▶ **YOUR OBJECTIVE**
Quote exactly, and only, the lines of the material below from the line with "This 3-bedroom, 2-bath, with" through the line with "Я категорически была".

▶ **DATA**
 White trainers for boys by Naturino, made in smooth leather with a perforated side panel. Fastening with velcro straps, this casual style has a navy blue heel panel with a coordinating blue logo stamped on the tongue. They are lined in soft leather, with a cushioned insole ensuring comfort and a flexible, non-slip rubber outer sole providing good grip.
==
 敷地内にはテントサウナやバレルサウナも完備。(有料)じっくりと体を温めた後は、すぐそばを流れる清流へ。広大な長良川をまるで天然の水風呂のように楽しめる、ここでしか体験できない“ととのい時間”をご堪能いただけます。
---
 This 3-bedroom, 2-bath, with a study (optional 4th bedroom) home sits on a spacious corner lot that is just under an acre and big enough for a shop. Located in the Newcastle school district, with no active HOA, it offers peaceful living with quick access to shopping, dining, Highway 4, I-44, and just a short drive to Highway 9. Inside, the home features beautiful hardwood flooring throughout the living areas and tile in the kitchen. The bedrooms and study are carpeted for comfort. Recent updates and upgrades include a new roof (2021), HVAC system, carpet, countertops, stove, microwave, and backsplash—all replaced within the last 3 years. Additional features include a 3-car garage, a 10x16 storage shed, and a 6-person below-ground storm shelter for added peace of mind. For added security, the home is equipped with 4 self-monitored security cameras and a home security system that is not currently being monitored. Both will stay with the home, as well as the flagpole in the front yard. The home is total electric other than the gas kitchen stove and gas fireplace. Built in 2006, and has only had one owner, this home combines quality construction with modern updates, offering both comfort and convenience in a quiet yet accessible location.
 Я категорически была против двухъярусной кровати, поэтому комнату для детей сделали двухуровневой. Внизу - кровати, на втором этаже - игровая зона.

▶ **EXPECTED ANSWER**
 This 3-bedroom, 2-bath, with a study (optional 4th bedroom) home sits on a spacious corner lot that is just under an acre and big enough for a shop. Located in the Newcastle school district, with no active HOA, it offers peaceful living with quick access to shopping, dining, Highway 4, I-44, and just a short drive to Highway 9. Inside, the home features beautiful hardwood flooring throughout the living areas and tile in the kitchen. The bedrooms and study are carpeted for comfort. Recent updates and upgrades include a new roof (2021), HVAC system, carpet, countertops, stove, microwave, and backsplash—all replaced within the last 3 years. Additional features include a 3-car garage, a 10x16 storage shed, and a 6-person below-ground storm shelter for added peace of mind. For added security, the home is equipped with 4 self-monitored security cameras and a home security system that is not currently being monitored. Both will stay with the home, as well as the flagpole in the front yard. The home is total electric other than the gas kitchen stove and gas fireplace. Built in 2006, and has only had one owner, this home combines quality construction with modern updates, offering both comfort and convenience in a quiet yet accessible location.
 Я категорически была против двухъярусной кровати, поэтому комнату для детей сделали двухуровневой. Внизу - кровати, на втором этаже - игровая зона.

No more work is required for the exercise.